Le Norvégien est la caricature du marin. Le teint basané, large d'épaules, et jamais un mot de trop. A 29 ans Jordan, technicien dans les nouvelles technologies pour une compagnie pétrolière de son pays, est sans doute celui qui a le plus navigué, s’il est loin d’être le plus connu, des quatre vingt quatre concurrents.

 Il détaille, avec un brin de détachement, son parcours « initiatique »: « Je suis parti de Norvège direction le Brésil. Puis de là, je suis allé en Afrique du Sud. » Et le voilà avec deux transats à son actif mais en croisière et jamais seul. Il a réservé sa solitude pour le trajet « Af-Sud » - Australie, avant de revenir en Amérique du Sud.

« J’ai mis trois ans pour accomplir ce tour du monde. Mais trois années interrompues, lors des escales, par des allers-retours avec la Norvège pour mon travail. »

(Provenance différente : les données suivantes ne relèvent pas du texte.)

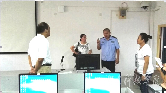 保卫处陶振民和该院院长杨增和、党总支书记戴丽岩、实训教学部主任刘春侠等同志对所有教室、实验室、器材室,办公室的门窗、电线及通道进行了仔细排查检测,针对存在的安全隐患,现场研究措施。陶振民提出,在机房安装二氧化碳灭火器,以防电路起火损坏实验室,要求老师们树立防火防盗意识,注意细节,如办公室的电线、插座不要放置在饮水机旁。

Ses aventures l’ont pourtant convaincu que le solitaire, c’était son truc : « J’aime être seul, ne rien devoir à personne. » Et c’est en rentrant en Norvège, qu’il entend parler de la Classe Mini et de cette fameuse Charente-Maritime/Bahia Transat 6,50.

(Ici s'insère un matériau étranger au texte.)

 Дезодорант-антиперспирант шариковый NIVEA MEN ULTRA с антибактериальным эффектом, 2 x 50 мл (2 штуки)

En 2003 il est, par hasard, aux Canaries lors de l’escale de la transat. Il se souvient : « Quand j’ai vu la taille des bateaux et ce que les skippers devaient faire, j’ai pensé, il faut être fou. Mais je me suis dit : tu dois y aller un jour ou l’autre. »

Fin 2006, il s’offre donc son Proto qu’il achète à un inconnu. En 2007, il ne court pas. Il apprend : « Chez nous, il n’y a pas d’épreuve. Il faut venir en France pour courir. ça revient très cher. » Et comme beaucoup, Staale Jordan ne roule pas sur l’or.

L’an dernier, il participe à la Port Médoc et à l’impitoyable Les Sables – Les Açores : « L’enfer ! J’ai terminé dernier des protos, mais je suis allé au bout. »

Plus de la moitié de la flotte n’avait pu en dire autant. Alors, aujourd’hui qu’espère-t-il de cette Charente-Maritime/Bahia Transat 6.50? « Ma première sur un mini. Je m’attends à souffrir.  Beaucoup. D’autant que, sans sponsor, je sais que je ne serai jamais fin prêt. C’est comme cela depuis que je cours. »

Et il rigole. Comme si sa vie devait être une longue lutte contre les événements. Aussi, prudent, il confie : « Si je termine dans le milieu du peloton, je serai très content. »

A chacun ses objectifs. C’est aussi cela qui fait le charme de cette Charente-Maritime/Bahia Transat 6,50.

 

 

 

Objectif : Si je termine dans le milieu du peloton, je serai très content.

Devise : J’aime être seul, ne rien devoir à personne.